In the USSR Cornell Capa followed in his brother's footsteps. In 1958, after Stalin died, he photographed the daily life of the Bolshoi Ballet School rehearsals and also legends of literature such as Boris Pasternak making a toast at his dacha in Peredelkino.

Portraits of the dancer Maya Plisetskaya , the film director Andrei Tarkovsky or the sculptor Ernst Neizvestny also appear in the exhibition . The Austrian photographer Inge Morat - who was previously an assistant to Henri Cartier-Bresson - studied the Russian language in depth before arriving in the USSR. Together with her husband, Arthur Miller, she published a book entitled In Russia , in which they reflected their impressions of Russian culture and its intellectuals. Andrei Dostoevsky, the writer's grandson, appears strolling through Leningrad streets in 1967 with the same frown as Raskolnikov in Crime and Punishment . Another image of the sample difficult to forget.

"You just have to worry about your surroundings, take care of humanity and human comedy ," Elliott Erwitt, who was a friend of Robert Capa, once said. His is the intriguing photo of a couple at the civil registry in Bratsk (Siberia), in 1967, contemplating with serious concern the half smile of a guest.

Also noteworthy is the work of British photographer Peter Marlowe, who came to the USSR on a tourist visa in 1977 and did a series on Soviet dissidents. The exhibition thus rescues faces such as that of Vladimir Slepak, a radio engineer and fighter for the right of Soviet Jews to emigrate . In that year, attempts to decimate his organization began: its members were subjected to KGB pressure and arrests. Norwegian Jonas Bendiksen, in his search for isolated communities, finds, amid the snow, a line of followers of Vissarion , a Russian mystic and religious leader, who claims to be the reincarnation of Jesus. The photo, taken in 2015, has the double timelessness offered by snowy landscapes and religious clothing.

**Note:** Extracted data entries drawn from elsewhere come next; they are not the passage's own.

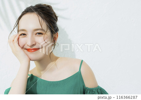 首に手を当てている若い女性。白い背景に白いタンクトップを着ている。
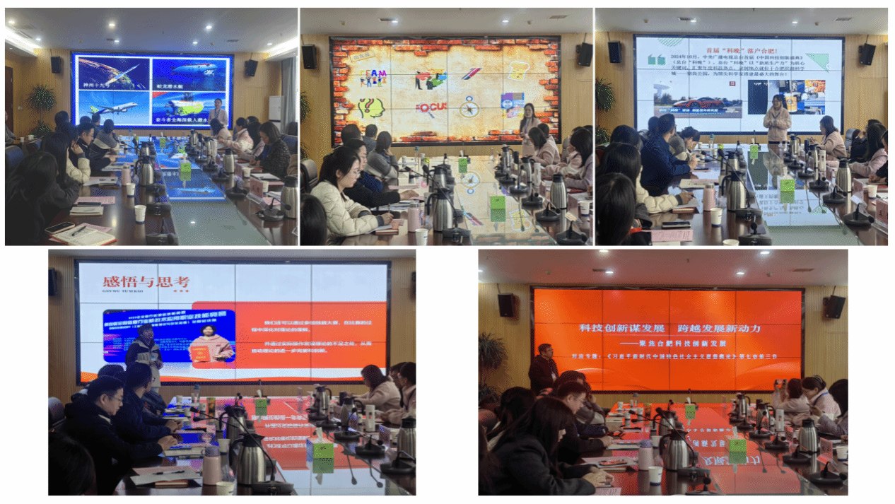 教学展示环节,围绕“科技创新”这一主题,来自共同体成员单位不同学段的五位教师,进行了精彩的授课展示。合肥市和平小学东校王舒璠紧密结合本校活动,让思政课变得接地气,易懂易行。合肥市第四十六中学王丽萍借用寻宝、抓娃娃等游戏模式,环环相扣,获得感强,充分调动起了学生的积极性。合肥市第二中学董云以“为什么、是什么、怎么办”的清晰思路,充分结合“科晚”,利用图文视频大大延展了课堂空间,带领学生感受科技的美好。合肥工业学校严昊深度结合学生专业规划和合肥科技发展战略,提出问题——解决问题——反思问题,紧紧抓住学生注意力。安徽艺术学院陆淮光侧重于理论深度的挖掘,围绕“变与不变”展开了一场紧贴时代的理论讲解。
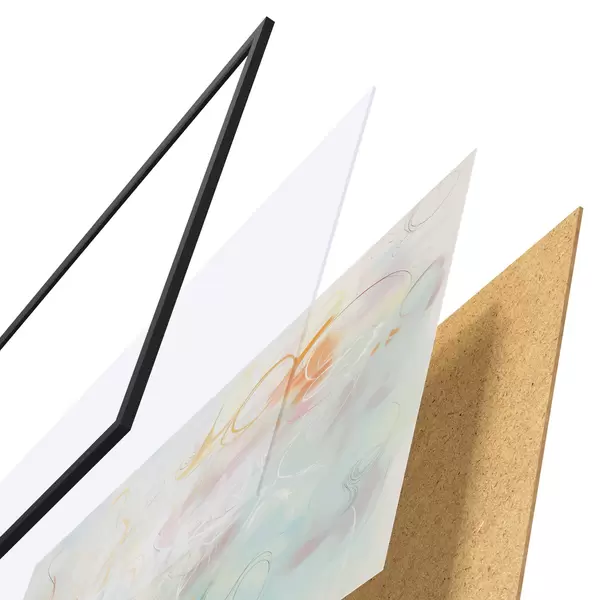Il poster è composto da cornice, plexiglass, immagine stampata e supporto in truciolato. Il poster può essere immediatamente appeso alla parete grazie ai supporti sul retro.
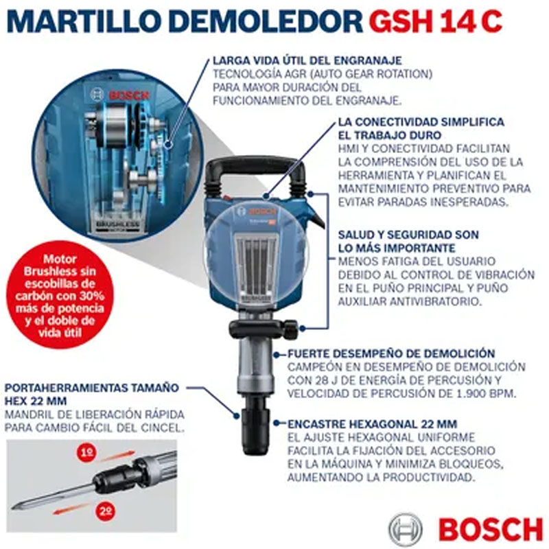 El martillo demoledor Bosch GSH 16-28 (modelo 06113350E0) es una herramienta profesional diseñada para trabajos intensivos de demolición y extracción de material en hormigón, piedra u otros sustratos duros. Con un motor potente de 1750 W y una energía de impacto de aproximadamente 41 J, este equipo ofrece una productividad extraordinaria, capaz de remover grandes volúmenes de material con rapidez y eficiencia. El diseño robusto y resistente incorpora un sistema de control de vibraciones (Vibration Control) que reduce el esfuerzo en las manos y brazos, lo que incrementa la comodidad y la productividad en jornadas largas. Su encastre hexagonal de 28 mm garantiza compatibilidad con una amplia gama de puntas y accesorios estándar, mientras que el maletín con ruedas facilita su transporte y almacenamiento en obra o taller. Este martillo es ideal para uso industrial o profesional pesado, combinando potencia, durabilidad y manejo ergonómico en una sola herramienta.
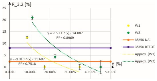 where d is the activator dosage (in%) while a and b are parameters determined in regression analysis. As part of the approximation, the parameters a and b were determined to minimize the mean square error. As shown in Figure 6, the proposed function ideally fits the experimental results, as evidenced by the determination coefficients at the level of 0.99. Additionally, in this figure, the horizontal lines determine the value of elastic recovery at a low level of stress excitation obtained for the original 35/50 binder (not subjected to aging and RTFOT-aged). Therefore, the intersection points of the approximation functions and the horizontal lines determine the dosage that allows obtaining elastic recovery for the unaged or RTFOT-aged asphalt binders. For example, Figure 6 illustrates (red arrows) how to determine the dosage that achieves an elastic recovery R_0.1 equivalent to that of the unaged 35/50 binder. The results highlighted in red font can be found in the sixth column of Table 3.
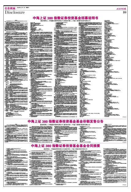 一、中海上证380指数证券投资基金(以下简称“本基金”)的募集已获中国证监会证监许可【2011】1507号文(《关于核准中海上证380指数证券投资基金募集的批复》)核准。中国证监会对本基金的核准并不代表中国证监会对本基金的风险和收益做出实质性判断、推荐或保证。
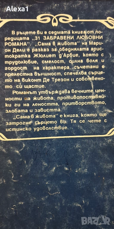 " Сама в живота " - Марион Дели,151 стр., меки корици, дефекти по кориците, скъсана страница на съдържанието.
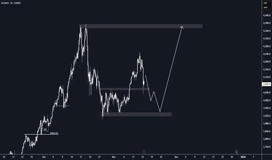 After the mid-October sell-off, Gold entered a period of consolidation lasting more than a week. Price showed clear indecision during this phase. Buyers were convinced the correction had run its course, while sellers continued to push for a deeper move down.
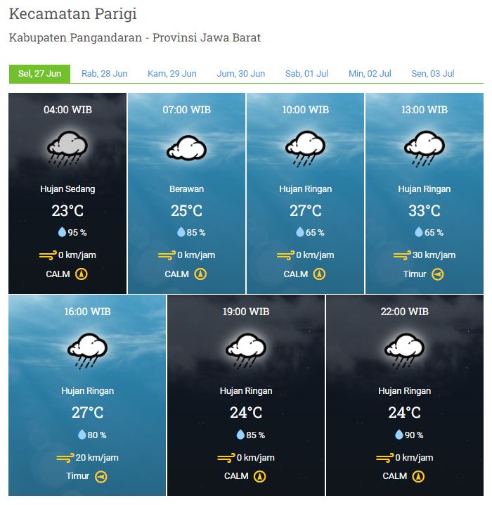 Laporan Harian & Prakiraan Cuaca Kabupaten Pangandaran – Selasa, 27 Juni 2023
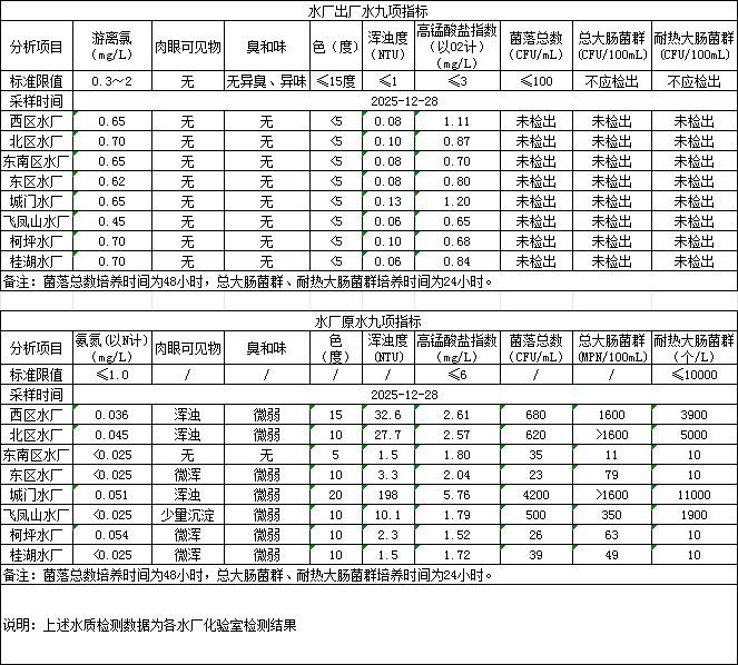 2025年12月28日供水水质信息发布
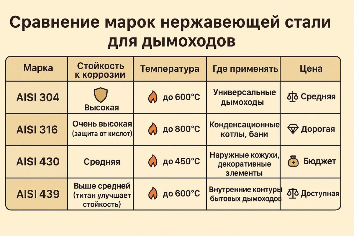 При выборе дымохода важно учитывать не только диаметр и утепление, но и марку нержавейки, из которой он сделан. Ведь именно сталь отвечает за долговечность и безопасность всей системы. Разберёмся, чем отличаются самые популярные варианты:
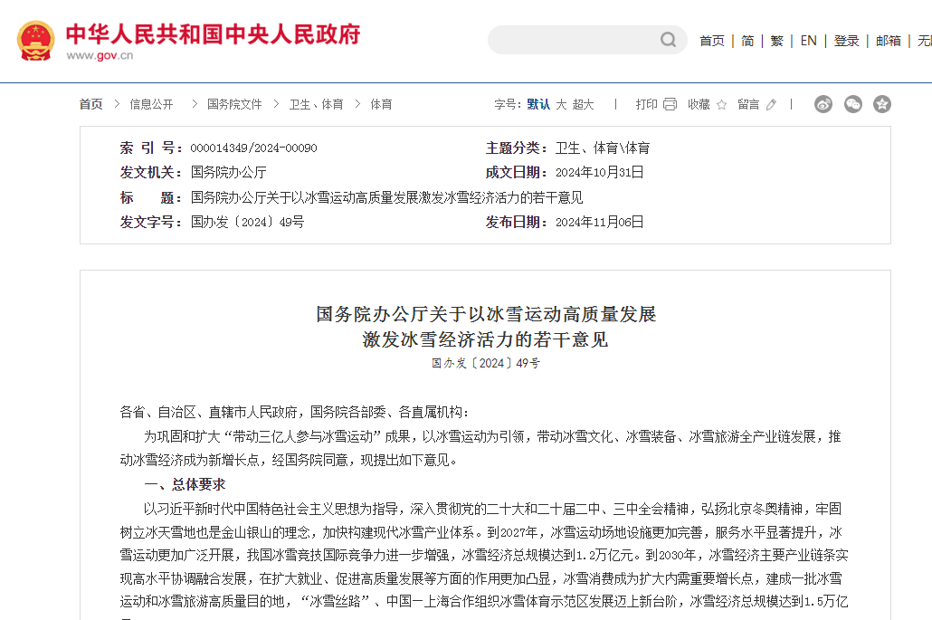 國辦印發(fā)通知:加大金融支持力度,培育一批冰雪領域專精特新中小企業(yè)
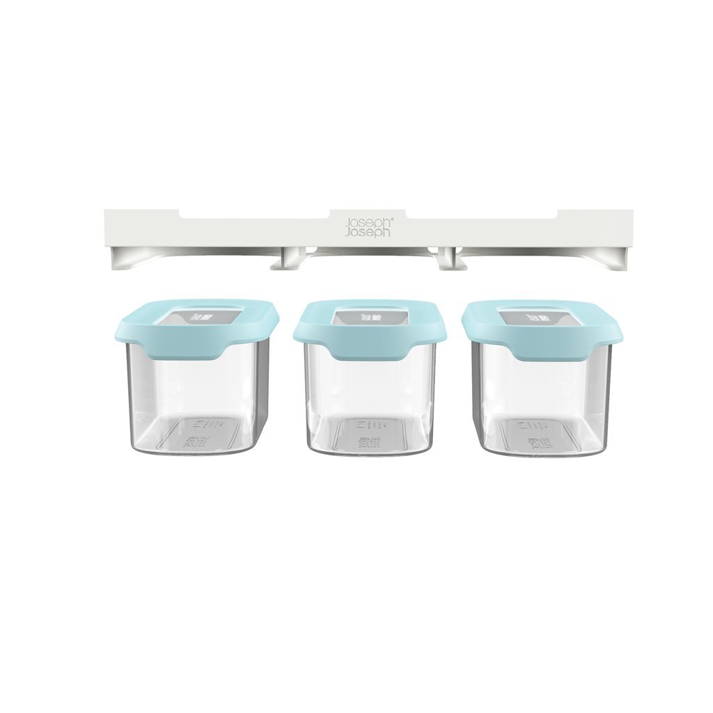 Az innovatív JOSEPH JOSEPH CupboardStore ételtároló üvegekkel kihasználhatja az utolsó szabad helyet is a konyhaszekrény polcai alatt. A CupboardStore termékcsalád 3 darab 900 ml-es és 1,3 literes befőttesüveg-készletet (a polc aljáról szerelt tartókba csúsztathatóak - erős 3M ragasztószalaggal stabilizálva), valamint egy 5 darab egyedi befőttesüveg-készletet (2 x 900 ml, 2 x 1,3 liter, 1 x 2,2 liter + a legnagyobb befőttesüveg fedele alatt egy kanál található). Az üvegek légmentesen zárnak, száraz élelmiszerek tárolására alkalmasak. Csak kézzel mosható.
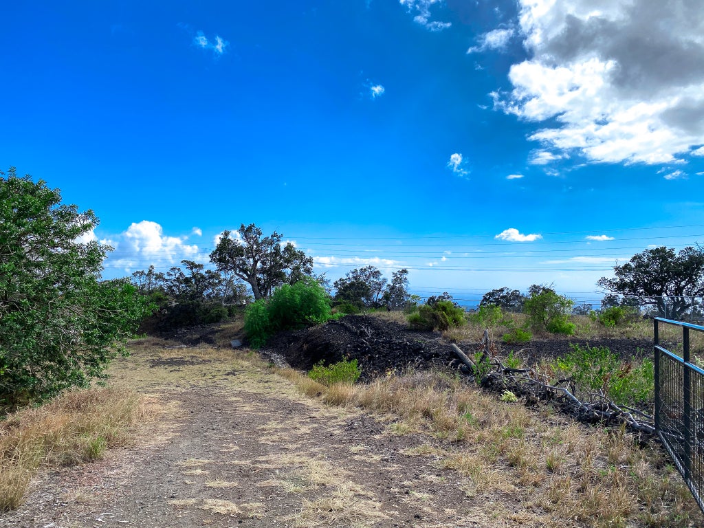 Just an hour and twenty minute drive into Kailua-Kona. In Ocean View town, you will find hardware store, gas stations, L and L Hawaii BBQ, Coffee shops, grocery stores, auto-parts store and much more. There is even a private rubbish service if you so desire. Lava Zone 2. Elevation approx 1,900.
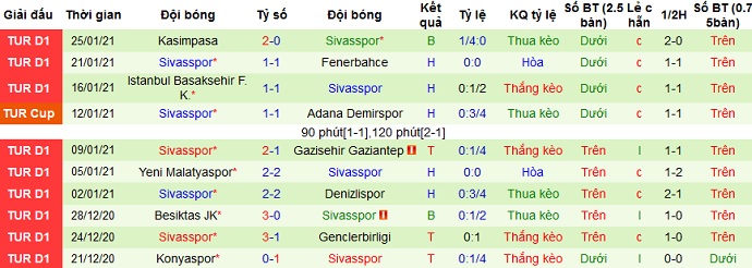 + Thống kê 10 trận gần nhất của Sivasspor
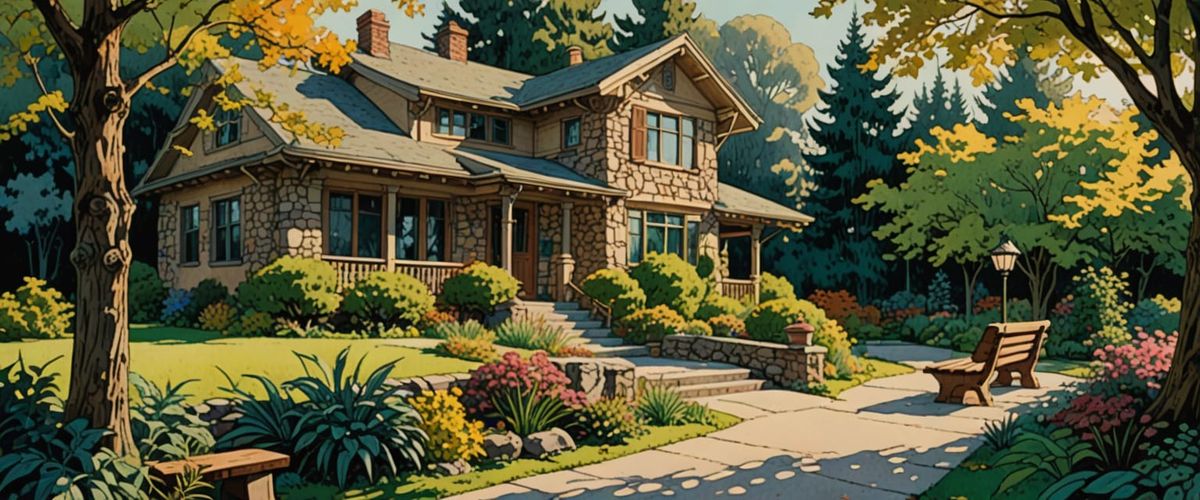 This image shows a stone mid-century modern home with a quaint, naive aesthetic. The scene is bathed in late afternoon sunlight, with comic book style rendering, and watercolor and gouache techniques.
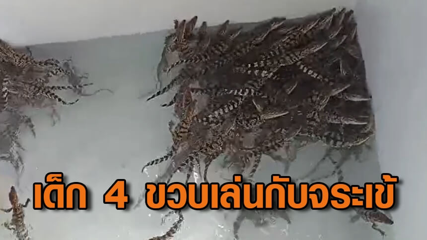โซเชียลฮือฮา แม่ปล่อยลูกสาว 4 ขวบ นอนเล่นกับจระเข้ 200 ตัว แม่แจงจระเข้ในคลิป อายุ 2-7 วัน ยังไม่มีฟัน
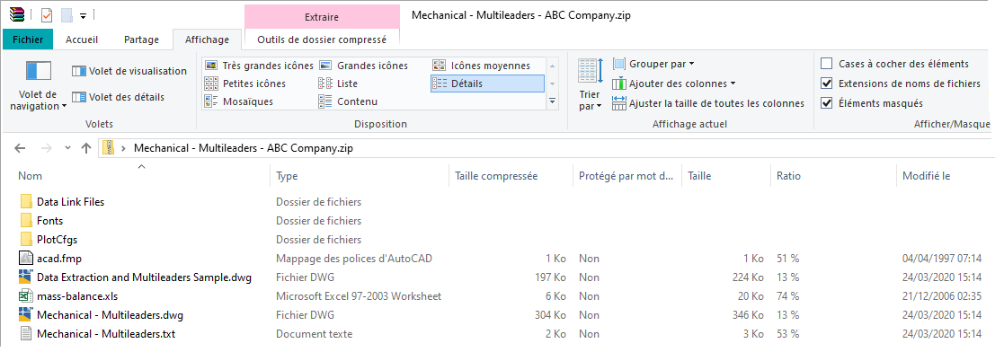 Accédez à C:\Program Files\Autodesk\AutoCAD <version>\Sample\Mechanical Sample and open Mechanical - Multileaders.dwg.
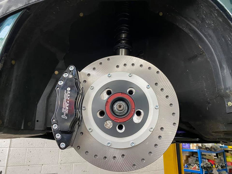 Our focus then turned to the engine and clutch works. New timing chains and tensioners were fitted and as a precaution the rear main oil seal was changed, while it was exposed. The sump was replaced due to grounding damage on the unit fitted and a new gasket with sealant to endure no oil leaks. The sump oil pick up was checked and cleaned at this point. A Sachs three piece clutch was also fitted and this was mounted onto a JMR lightened and balanced flywheel. The rebuilt and Quaife LSD equipped gearbox was refitted. The starter motor, that we had previously refurbed, was fitted, as too was a new clutch slave cylinder and fluid supply hose / pipe, the last of our new old stock. The engine cooling system thermostat housing was noted to have the typical breakdown in the plastic housing, where the “O” ring seal locates. Furthermore, similar breakdown was seen at the water transfer pipe from the pump. Both of these assemblies were replaced with new OEM parts, yes hard to believe, actual OEM parts availability! The clutch and brakes were bled through with fresh fluid and both clutch and brake systems pressure tested. As a little aside, whilst the inlet manifold was off, for fitting of new chains, we chose to blast clean it and finish it with a coat of 2 pack matt.

The historical walk ends with photographs of the doctors and patients of Moscow Hospital 52. They are the work of Nanna Heitmann , who spent several days closely following the ravages of the coronavirus pandemic. Almost three-quarters of a century separate the first photo from the last. But journalism is the same, and so are its threats. Steinbeck told Capa before taking off: "Now the most dangerous trend in the world is the desire to believe a rumor rather than verify a fact."